_LISTED RECORDS_:
================================

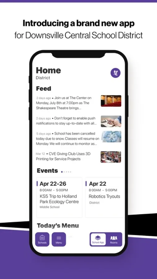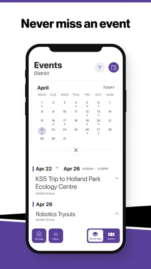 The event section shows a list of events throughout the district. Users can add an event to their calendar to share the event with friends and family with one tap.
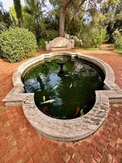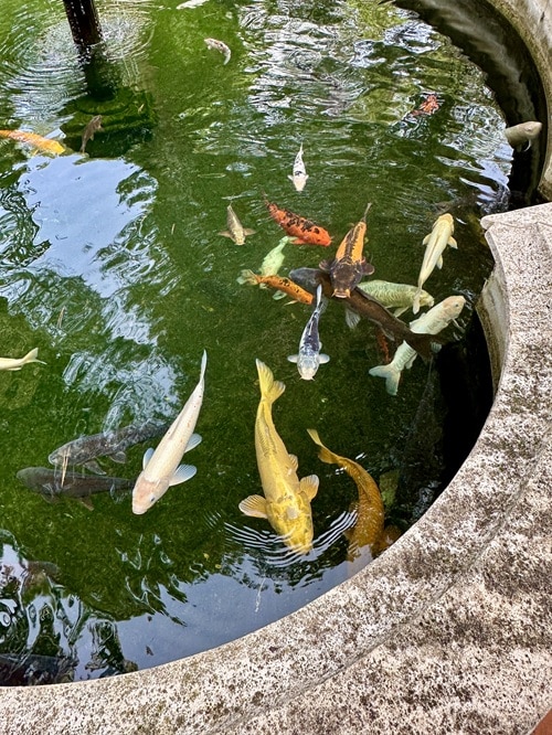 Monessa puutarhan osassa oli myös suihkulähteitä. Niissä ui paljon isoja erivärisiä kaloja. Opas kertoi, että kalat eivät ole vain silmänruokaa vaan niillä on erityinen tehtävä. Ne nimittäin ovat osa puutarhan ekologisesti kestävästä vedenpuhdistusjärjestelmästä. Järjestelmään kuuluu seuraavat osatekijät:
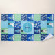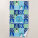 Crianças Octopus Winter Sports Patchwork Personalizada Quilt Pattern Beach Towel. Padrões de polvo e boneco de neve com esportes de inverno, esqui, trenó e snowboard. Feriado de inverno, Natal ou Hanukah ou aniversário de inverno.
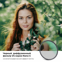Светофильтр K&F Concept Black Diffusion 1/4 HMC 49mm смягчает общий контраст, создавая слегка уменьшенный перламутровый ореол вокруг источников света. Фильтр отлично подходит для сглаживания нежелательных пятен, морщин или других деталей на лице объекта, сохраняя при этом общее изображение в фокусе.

================================

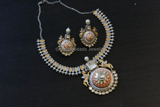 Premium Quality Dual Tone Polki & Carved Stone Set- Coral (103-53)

================================

_PROBLEM STATEMENT_: Using the entries above, write out exactly the lines from the one with "The event section" through the one with "Светофильтр K&F Concept", ends included. Leave out any pictures.

_TASK ANSWER_:
 The event section shows a list of events throughout the district. Users can add an event to their calendar to share the event with friends and family with one tap.
 Monessa puutarhan osassa oli myös suihkulähteitä. Niissä ui paljon isoja erivärisiä kaloja. Opas kertoi, että kalat eivät ole vain silmänruokaa vaan niillä on erityinen tehtävä. Ne nimittäin ovat osa puutarhan ekologisesti kestävästä vedenpuhdistusjärjestelmästä. Järjestelmään kuuluu seuraavat osatekijät:
 Crianças Octopus Winter Sports Patchwork Personalizada Quilt Pattern Beach Towel. Padrões de polvo e boneco de neve com esportes de inverno, esqui, trenó e snowboard. Feriado de inverno, Natal ou Hanukah ou aniversário de inverno.
Светофильтр K&F Concept Black Diffusion 1/4 HMC 49mm смягчает общий контраст, создавая слегка уменьшенный перламутровый ореол вокруг источников света. Фильтр отлично подходит для сглаживания нежелательных пятен, морщин или других деталей на лице объекта, сохраняя при этом общее изображение в фокусе.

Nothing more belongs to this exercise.